A new art exhibition at Washington and Lee University in Lexington references a particularly dark period of American history...... the lynching of minority males in the 19th and 20th centuries. Except, the death explored in this particular exhibit is not that of African American men, but of Latinos—today. WMRA's Jessie Knadler has the story.
Southern trees bear a strange fruit,
Blood on the leaves and blood at the root…
These are opening lines from Abel Meeropol’s poem “Strange Fruit” about the horror of racism. Billie Holiday turned it into one of her most haunting songs in 1939.
San Antonio-based artist Vincent Valdez nods to Meeropol’s poem in his latest art exhibition, “The Strangest Fruit” currently on display at Washington & Lee University’s Staniar Gallery until May 29.

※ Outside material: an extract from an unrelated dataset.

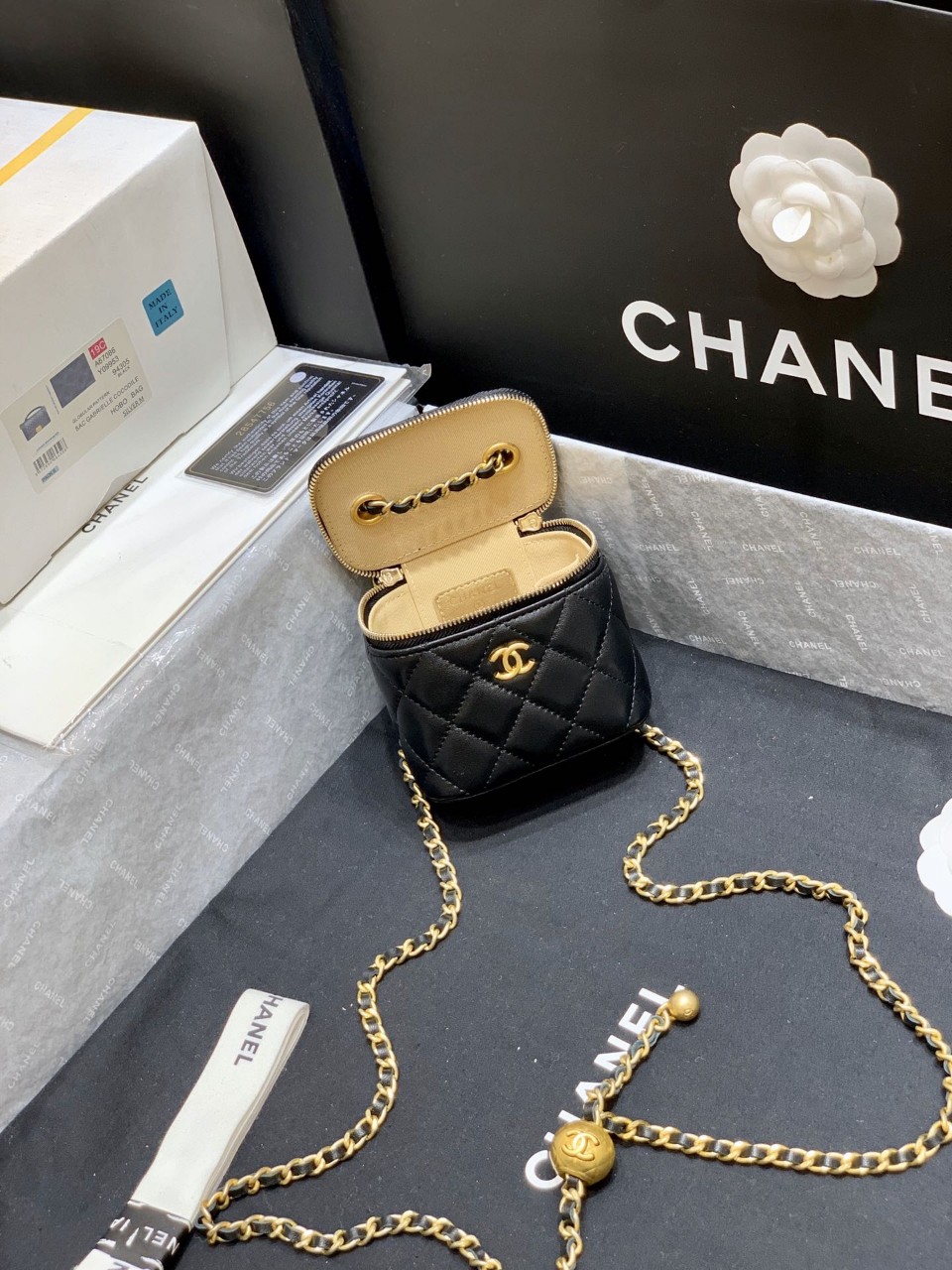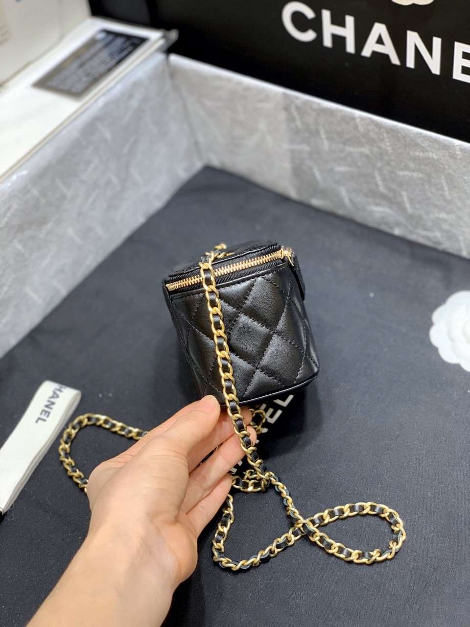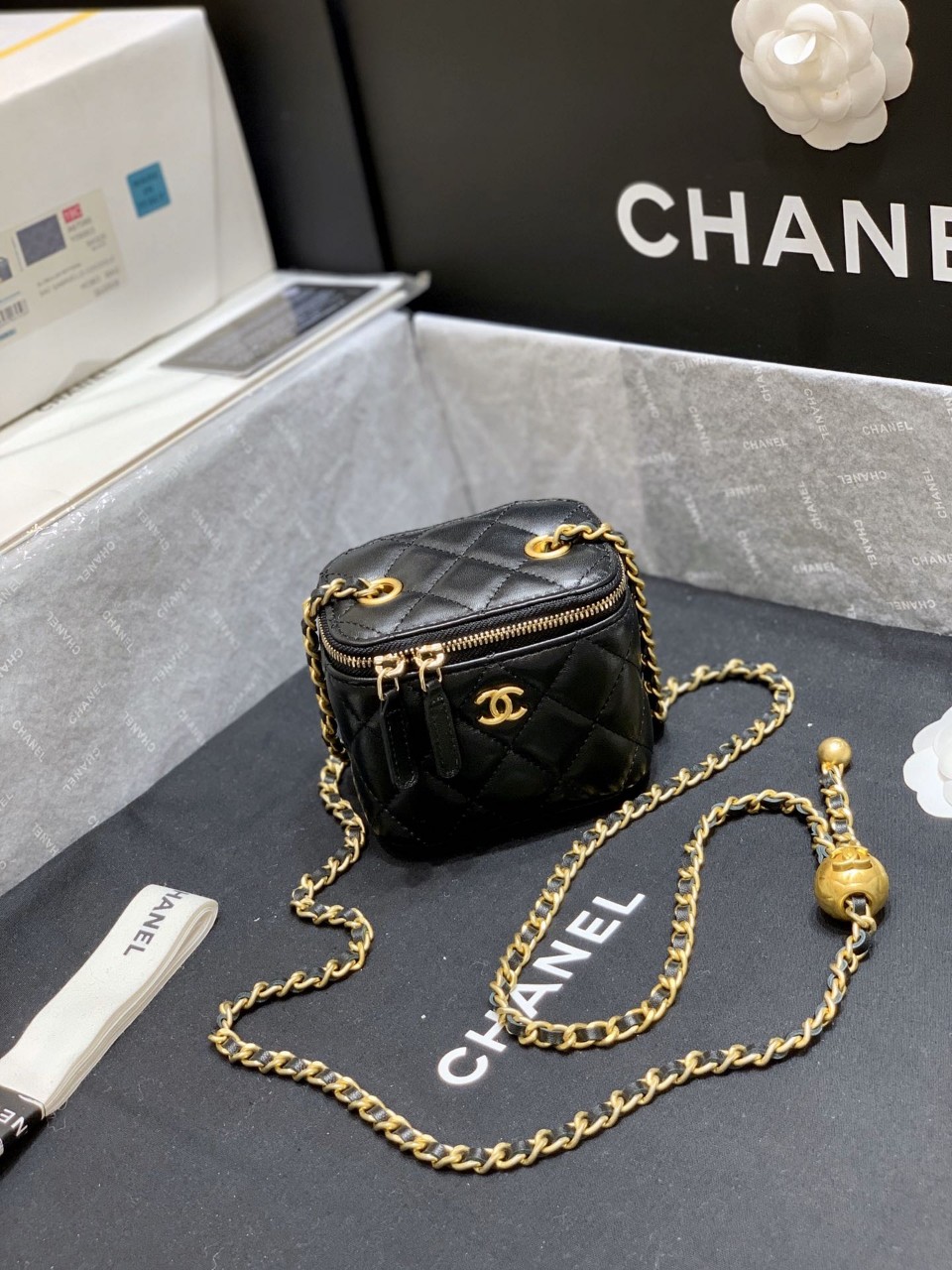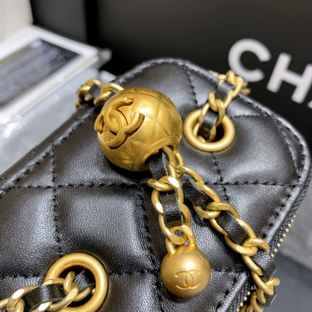 【양가죽】 베니티 골드볼 미니백

The exhibit consists of eight larger than life, hyper-realist paintings of young Latino men posed as if hanging from the end of a rope—twisted, contorted, limp and lifeless.

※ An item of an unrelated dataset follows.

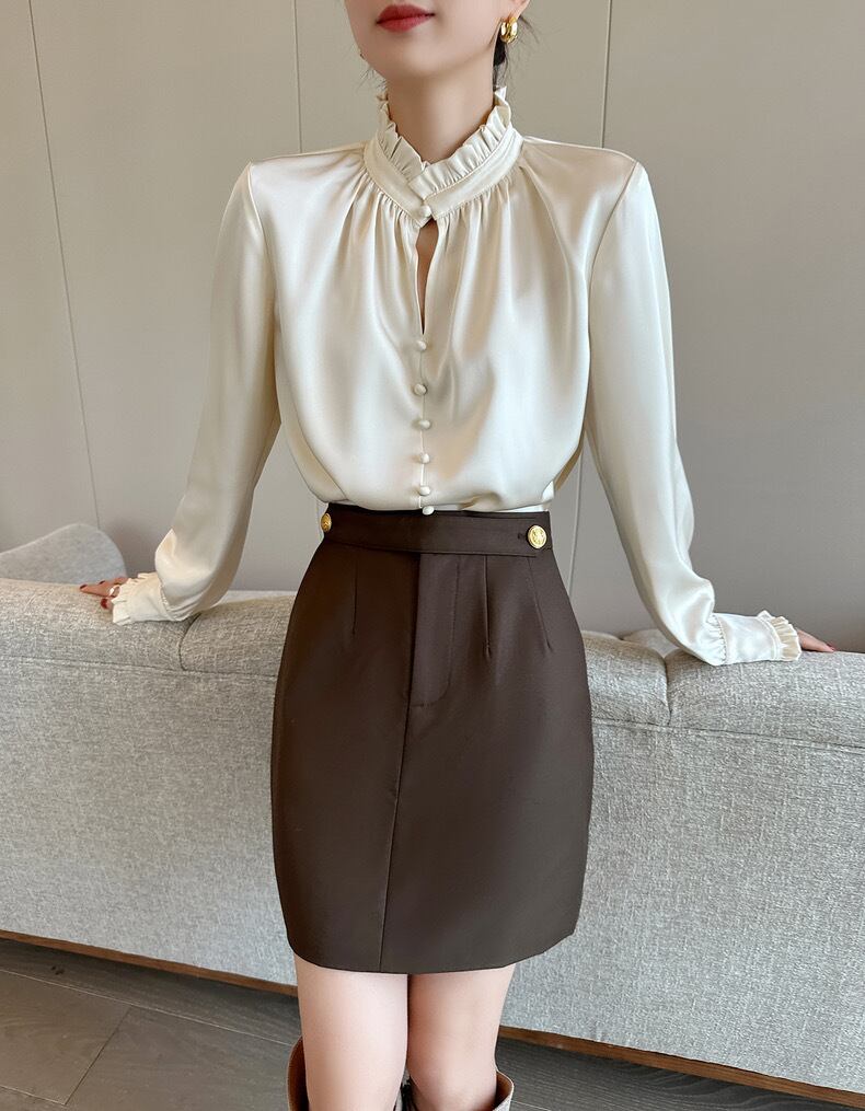 スタンドカラーフリルフレンチブラウス

It’s an unsettling reference to the often-overlooked widespread lynching of Mexicans and Mexican Americans by mobs of white vigilantes that occurred from the mid-19th century until well into the 1920s.
While there’s no question African Americans have suffered more racial violence than many other minorities, the jarring images in Valdez’s work demand a rethink of the history of lynching.
At the same time, he conspicuously depicts his subjects in contemporary clothing -- basketball jerseys, thick black spectacles, tattoos – to make the point that racial violence and oppression still exist today, just in other forms. Vincent Valdez explains.
VINCENT VALDEZ: Sure, the noose is no longer present. Let’s consider for a moment mass incarceration, stop and frisk, racial profiling, war on drugs, war on poverty, war on education, immigration hysteria. The Boogey Man is out there, right?
And that is The Strangest Fruit of all.